____ MATERIAL FOR THIS TASK
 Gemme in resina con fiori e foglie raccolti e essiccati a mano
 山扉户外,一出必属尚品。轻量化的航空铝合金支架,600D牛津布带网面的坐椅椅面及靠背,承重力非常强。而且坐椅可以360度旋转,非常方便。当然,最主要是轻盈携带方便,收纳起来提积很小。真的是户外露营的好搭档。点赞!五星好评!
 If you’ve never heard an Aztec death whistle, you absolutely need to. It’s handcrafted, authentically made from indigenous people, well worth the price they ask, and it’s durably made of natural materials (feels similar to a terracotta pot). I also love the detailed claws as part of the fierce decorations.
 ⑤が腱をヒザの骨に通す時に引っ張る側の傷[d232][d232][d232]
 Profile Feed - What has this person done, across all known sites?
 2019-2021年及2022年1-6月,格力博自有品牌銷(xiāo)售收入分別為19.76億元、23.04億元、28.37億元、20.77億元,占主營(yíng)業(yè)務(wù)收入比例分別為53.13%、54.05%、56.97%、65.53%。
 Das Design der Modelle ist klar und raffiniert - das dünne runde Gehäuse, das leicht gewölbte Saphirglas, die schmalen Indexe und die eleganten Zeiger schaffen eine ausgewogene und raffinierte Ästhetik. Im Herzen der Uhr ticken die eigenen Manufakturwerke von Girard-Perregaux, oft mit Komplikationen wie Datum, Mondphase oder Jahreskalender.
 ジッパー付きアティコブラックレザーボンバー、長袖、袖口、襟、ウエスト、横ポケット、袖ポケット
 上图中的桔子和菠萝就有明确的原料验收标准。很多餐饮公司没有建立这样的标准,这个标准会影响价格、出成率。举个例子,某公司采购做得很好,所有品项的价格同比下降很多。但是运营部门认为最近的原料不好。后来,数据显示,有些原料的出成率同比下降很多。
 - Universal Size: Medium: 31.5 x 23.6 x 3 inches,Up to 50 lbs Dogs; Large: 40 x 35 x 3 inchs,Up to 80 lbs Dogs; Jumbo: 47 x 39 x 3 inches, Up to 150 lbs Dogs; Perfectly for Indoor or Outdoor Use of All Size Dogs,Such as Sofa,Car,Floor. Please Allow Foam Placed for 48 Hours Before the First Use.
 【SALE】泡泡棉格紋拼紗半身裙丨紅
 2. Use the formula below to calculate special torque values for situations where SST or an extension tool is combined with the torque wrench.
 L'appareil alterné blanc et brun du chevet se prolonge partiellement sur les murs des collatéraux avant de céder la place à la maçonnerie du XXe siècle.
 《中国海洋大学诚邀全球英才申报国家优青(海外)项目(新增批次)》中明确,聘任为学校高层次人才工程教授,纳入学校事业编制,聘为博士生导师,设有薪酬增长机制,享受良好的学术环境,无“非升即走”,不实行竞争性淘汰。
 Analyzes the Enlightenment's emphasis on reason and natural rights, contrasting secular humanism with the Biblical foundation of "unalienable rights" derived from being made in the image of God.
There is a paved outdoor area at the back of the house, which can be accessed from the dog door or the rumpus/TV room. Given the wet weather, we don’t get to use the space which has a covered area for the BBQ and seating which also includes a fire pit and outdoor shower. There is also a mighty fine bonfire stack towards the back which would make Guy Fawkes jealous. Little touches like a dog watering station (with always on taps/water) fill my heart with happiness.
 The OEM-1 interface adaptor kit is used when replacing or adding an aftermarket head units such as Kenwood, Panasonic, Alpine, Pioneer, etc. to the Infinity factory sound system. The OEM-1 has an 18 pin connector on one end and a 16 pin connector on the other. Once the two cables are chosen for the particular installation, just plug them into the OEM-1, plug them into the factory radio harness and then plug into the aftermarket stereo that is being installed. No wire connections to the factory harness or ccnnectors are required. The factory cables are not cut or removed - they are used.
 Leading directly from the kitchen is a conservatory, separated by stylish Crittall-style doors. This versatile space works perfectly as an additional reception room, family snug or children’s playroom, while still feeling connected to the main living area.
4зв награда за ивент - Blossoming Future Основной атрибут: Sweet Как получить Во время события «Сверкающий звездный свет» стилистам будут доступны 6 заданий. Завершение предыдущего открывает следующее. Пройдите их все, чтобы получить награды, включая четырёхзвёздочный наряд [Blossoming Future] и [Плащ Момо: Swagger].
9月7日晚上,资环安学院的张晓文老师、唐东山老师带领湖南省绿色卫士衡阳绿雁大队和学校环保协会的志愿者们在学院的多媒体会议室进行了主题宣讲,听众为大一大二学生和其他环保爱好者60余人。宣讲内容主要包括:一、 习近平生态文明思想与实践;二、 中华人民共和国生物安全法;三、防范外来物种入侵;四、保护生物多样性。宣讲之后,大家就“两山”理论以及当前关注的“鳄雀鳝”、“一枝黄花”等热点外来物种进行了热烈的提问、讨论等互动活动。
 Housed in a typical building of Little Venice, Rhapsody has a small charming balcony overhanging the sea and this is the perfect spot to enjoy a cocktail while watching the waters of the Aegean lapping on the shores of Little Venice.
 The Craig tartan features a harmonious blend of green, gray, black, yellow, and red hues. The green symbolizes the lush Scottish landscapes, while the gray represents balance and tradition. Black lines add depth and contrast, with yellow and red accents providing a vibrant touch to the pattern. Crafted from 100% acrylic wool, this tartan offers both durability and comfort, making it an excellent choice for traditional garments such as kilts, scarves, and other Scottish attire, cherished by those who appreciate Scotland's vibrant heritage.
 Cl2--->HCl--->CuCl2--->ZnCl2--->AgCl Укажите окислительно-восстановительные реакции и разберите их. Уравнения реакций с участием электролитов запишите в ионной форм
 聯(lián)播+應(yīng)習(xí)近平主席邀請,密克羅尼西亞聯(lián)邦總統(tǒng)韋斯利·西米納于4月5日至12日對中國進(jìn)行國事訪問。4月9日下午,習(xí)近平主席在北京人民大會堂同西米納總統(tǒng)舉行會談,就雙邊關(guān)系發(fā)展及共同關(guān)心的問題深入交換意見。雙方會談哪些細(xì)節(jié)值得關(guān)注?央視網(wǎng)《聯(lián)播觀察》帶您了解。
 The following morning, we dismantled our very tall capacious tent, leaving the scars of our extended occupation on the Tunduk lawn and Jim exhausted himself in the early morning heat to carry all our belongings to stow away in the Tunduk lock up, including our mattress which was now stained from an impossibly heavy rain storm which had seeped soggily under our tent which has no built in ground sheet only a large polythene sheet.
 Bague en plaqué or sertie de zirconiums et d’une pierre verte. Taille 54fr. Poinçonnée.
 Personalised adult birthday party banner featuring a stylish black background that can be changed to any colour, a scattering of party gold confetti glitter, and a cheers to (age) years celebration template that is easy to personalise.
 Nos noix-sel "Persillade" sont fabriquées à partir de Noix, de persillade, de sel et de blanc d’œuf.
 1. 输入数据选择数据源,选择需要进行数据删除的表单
________
→ **INSTRUCTIONS FOR THE TASK**
Once you have read the data, copy all of it out exactly.

→ **RESPONSE**
 Gemme in resina con fiori e foglie raccolti e essiccati a mano
 山扉户外,一出必属尚品。轻量化的航空铝合金支架,600D牛津布带网面的坐椅椅面及靠背,承重力非常强。而且坐椅可以360度旋转,非常方便。当然,最主要是轻盈携带方便,收纳起来提积很小。真的是户外露营的好搭档。点赞!五星好评!
 If you’ve never heard an Aztec death whistle, you absolutely need to. It’s handcrafted, authentically made from indigenous people, well worth the price they ask, and it’s durably made of natural materials (feels similar to a terracotta pot). I also love the detailed claws as part of the fierce decorations.
 ⑤が腱をヒザの骨に通す時に引っ張る側の傷[d232][d232][d232]
 Profile Feed - What has this person done, across all known sites?
 2019-2021年及2022年1-6月,格力博自有品牌銷(xiāo)售收入分別為19.76億元、23.04億元、28.37億元、20.77億元,占主營(yíng)業(yè)務(wù)收入比例分別為53.13%、54.05%、56.97%、65.53%。
 Das Design der Modelle ist klar und raffiniert - das dünne runde Gehäuse, das leicht gewölbte Saphirglas, die schmalen Indexe und die eleganten Zeiger schaffen eine ausgewogene und raffinierte Ästhetik. Im Herzen der Uhr ticken die eigenen Manufakturwerke von Girard-Perregaux, oft mit Komplikationen wie Datum, Mondphase oder Jahreskalender.
 ジッパー付きアティコブラックレザーボンバー、長袖、袖口、襟、ウエスト、横ポケット、袖ポケット
 上图中的桔子和菠萝就有明确的原料验收标准。很多餐饮公司没有建立这样的标准,这个标准会影响价格、出成率。举个例子,某公司采购做得很好,所有品项的价格同比下降很多。但是运营部门认为最近的原料不好。后来,数据显示,有些原料的出成率同比下降很多。
 - Universal Size: Medium: 31.5 x 23.6 x 3 inches,Up to 50 lbs Dogs; Large: 40 x 35 x 3 inchs,Up to 80 lbs Dogs; Jumbo: 47 x 39 x 3 inches, Up to 150 lbs Dogs; Perfectly for Indoor or Outdoor Use of All Size Dogs,Such as Sofa,Car,Floor. Please Allow Foam Placed for 48 Hours Before the First Use.
 【SALE】泡泡棉格紋拼紗半身裙丨紅
 2. Use the formula below to calculate special torque values for situations where SST or an extension tool is combined with the torque wrench.
 L'appareil alterné blanc et brun du chevet se prolonge partiellement sur les murs des collatéraux avant de céder la place à la maçonnerie du XXe siècle.
 《中国海洋大学诚邀全球英才申报国家优青(海外)项目(新增批次)》中明确,聘任为学校高层次人才工程教授,纳入学校事业编制,聘为博士生导师,设有薪酬增长机制,享受良好的学术环境,无“非升即走”,不实行竞争性淘汰。
 Analyzes the Enlightenment's emphasis on reason and natural rights, contrasting secular humanism with the Biblical foundation of "unalienable rights" derived from being made in the image of God.
There is a paved outdoor area at the back of the house, which can be accessed from the dog door or the rumpus/TV room. Given the wet weather, we don’t get to use the space which has a covered area for the BBQ and seating which also includes a fire pit and outdoor shower. There is also a mighty fine bonfire stack towards the back which would make Guy Fawkes jealous. Little touches like a dog watering station (with always on taps/water) fill my heart with happiness.
 The OEM-1 interface adaptor kit is used when replacing or adding an aftermarket head units such as Kenwood, Panasonic, Alpine, Pioneer, etc. to the Infinity factory sound system. The OEM-1 has an 18 pin connector on one end and a 16 pin connector on the other. Once the two cables are chosen for the particular installation, just plug them into the OEM-1, plug them into the factory radio harness and then plug into the aftermarket stereo that is being installed. No wire connections to the factory harness or ccnnectors are required. The factory cables are not cut or removed - they are used.
 Leading directly from the kitchen is a conservatory, separated by stylish Crittall-style doors. This versatile space works perfectly as an additional reception room, family snug or children’s playroom, while still feeling connected to the main living area.
4зв награда за ивент - Blossoming Future Основной атрибут: Sweet Как получить Во время события «Сверкающий звездный свет» стилистам будут доступны 6 заданий. Завершение предыдущего открывает следующее. Пройдите их все, чтобы получить награды, включая четырёхзвёздочный наряд [Blossoming Future] и [Плащ Момо: Swagger].
9月7日晚上,资环安学院的张晓文老师、唐东山老师带领湖南省绿色卫士衡阳绿雁大队和学校环保协会的志愿者们在学院的多媒体会议室进行了主题宣讲,听众为大一大二学生和其他环保爱好者60余人。宣讲内容主要包括:一、 习近平生态文明思想与实践;二、 中华人民共和国生物安全法;三、防范外来物种入侵;四、保护生物多样性。宣讲之后,大家就“两山”理论以及当前关注的“鳄雀鳝”、“一枝黄花”等热点外来物种进行了热烈的提问、讨论等互动活动。
 Housed in a typical building of Little Venice, Rhapsody has a small charming balcony overhanging the sea and this is the perfect spot to enjoy a cocktail while watching the waters of the Aegean lapping on the shores of Little Venice.
 The Craig tartan features a harmonious blend of green, gray, black, yellow, and red hues. The green symbolizes the lush Scottish landscapes, while the gray represents balance and tradition. Black lines add depth and contrast, with yellow and red accents providing a vibrant touch to the pattern. Crafted from 100% acrylic wool, this tartan offers both durability and comfort, making it an excellent choice for traditional garments such as kilts, scarves, and other Scottish attire, cherished by those who appreciate Scotland's vibrant heritage.
 Cl2--->HCl--->CuCl2--->ZnCl2--->AgCl Укажите окислительно-восстановительные реакции и разберите их. Уравнения реакций с участием электролитов запишите в ионной форм
 聯(lián)播+應(yīng)習(xí)近平主席邀請,密克羅尼西亞聯(lián)邦總統(tǒng)韋斯利·西米納于4月5日至12日對中國進(jìn)行國事訪問。4月9日下午,習(xí)近平主席在北京人民大會堂同西米納總統(tǒng)舉行會談,就雙邊關(guān)系發(fā)展及共同關(guān)心的問題深入交換意見。雙方會談哪些細(xì)節(jié)值得關(guān)注?央視網(wǎng)《聯(lián)播觀察》帶您了解。
 The following morning, we dismantled our very tall capacious tent, leaving the scars of our extended occupation on the Tunduk lawn and Jim exhausted himself in the early morning heat to carry all our belongings to stow away in the Tunduk lock up, including our mattress which was now stained from an impossibly heavy rain storm which had seeped soggily under our tent which has no built in ground sheet only a large polythene sheet.
 Bague en plaqué or sertie de zirconiums et d’une pierre verte. Taille 54fr. Poinçonnée.
 Personalised adult birthday party banner featuring a stylish black background that can be changed to any colour, a scattering of party gold confetti glitter, and a cheers to (age) years celebration template that is easy to personalise.
 Nos noix-sel "Persillade" sont fabriquées à partir de Noix, de persillade, de sel et de blanc d’œuf.
 1. 输入数据选择数据源,选择需要进行数据删除的表单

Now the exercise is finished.